● Exercise requirements
Repeat the data exactly as given below, dropping every picture.

[[ Listed entries open ]]

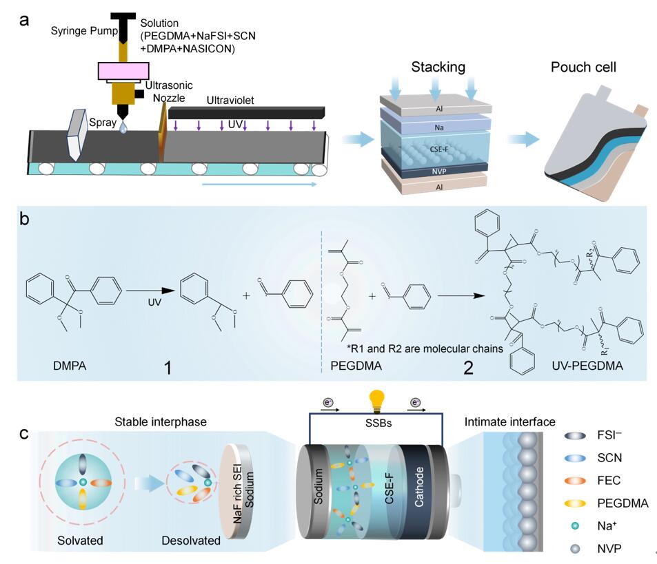 图1. 固态钠金属电池的制备过程和实现稳定循环的机理示意图。
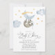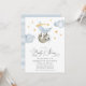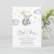 Convites Lua e estrelas Chá de fraldas azul de bebê animal
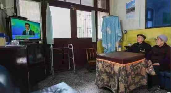 张富清和老伴在两居室家中收看新闻(新华社程敏 摄)
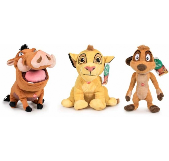Plyšové zvířátko z oblíbeného dětského filmu Lví král potěší každého milovníka zvířat. Plyšové zvířátko měří 30 cm a vydává zvuk. Vybrat si můžete ze tří druhů zvířátek – Simba, Pumba nebo Timon. Vyrobeno z kvalitní plyše.
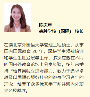 对于计划转学的学生,陈校长也提出了一些建议:“在转学之前,建议学生尽量提前拿到新课本进行预习,并且做好面临各种挑战的心理准备。提前设定好一个心理预期,跟自己比而不是跟他人比,从而减少焦虑;另外,还可以在线上尝试收听一些全英的学科课程,提前感受全英课程的学习,熟悉不同的学科术语。”
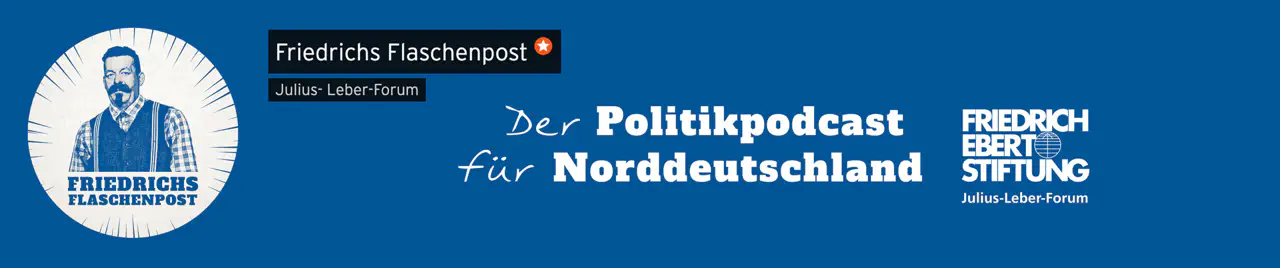 Die Gestaltung der Formate für den Politikpodcast „Friedrichs Flaschenpost” umfasst ein Podcast-Cover, ein Header-Bild für die FES-Website und SoundCloud sowie Grafiken für Social-Media-Plattformen. Der Podcast richtet sich an ein Publikum, das sich für Politik in Norddeutschland interessiert, und tritt in einen Dialog mit politisch engagierten Personen oder denen, die sich für politische Bildung einsetzen.
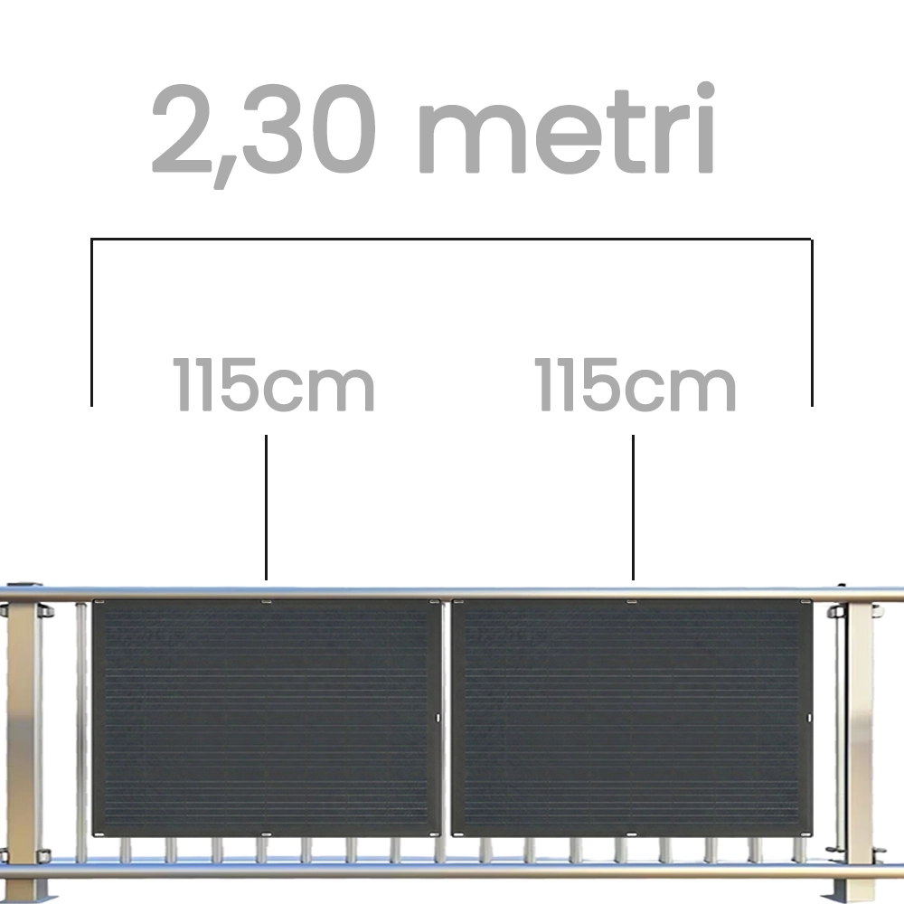 Se installi i 2 pannelli in verticale hai bisogno di 1,84 m di spazio minimo libero di ringhiera per l’installazione.

[[ Listed entries closed ]]

● Solution below
 图1. 固态钠金属电池的制备过程和实现稳定循环的机理示意图。
 Convites Lua e estrelas Chá de fraldas azul de bebê animal
 张富清和老伴在两居室家中收看新闻(新华社程敏 摄)
Plyšové zvířátko z oblíbeného dětského filmu Lví král potěší každého milovníka zvířat. Plyšové zvířátko měří 30 cm a vydává zvuk. Vybrat si můžete ze tří druhů zvířátek – Simba, Pumba nebo Timon. Vyrobeno z kvalitní plyše.
 对于计划转学的学生,陈校长也提出了一些建议:“在转学之前,建议学生尽量提前拿到新课本进行预习,并且做好面临各种挑战的心理准备。提前设定好一个心理预期,跟自己比而不是跟他人比,从而减少焦虑;另外,还可以在线上尝试收听一些全英的学科课程,提前感受全英课程的学习,熟悉不同的学科术语。”
 Die Gestaltung der Formate für den Politikpodcast „Friedrichs Flaschenpost” umfasst ein Podcast-Cover, ein Header-Bild für die FES-Website und SoundCloud sowie Grafiken für Social-Media-Plattformen. Der Podcast richtet sich an ein Publikum, das sich für Politik in Norddeutschland interessiert, und tritt in einen Dialog mit politisch engagierten Personen oder denen, die sich für politische Bildung einsetzen.
 Se installi i 2 pannelli in verticale hai bisogno di 1,84 m di spazio minimo libero di ringhiera per l’installazione.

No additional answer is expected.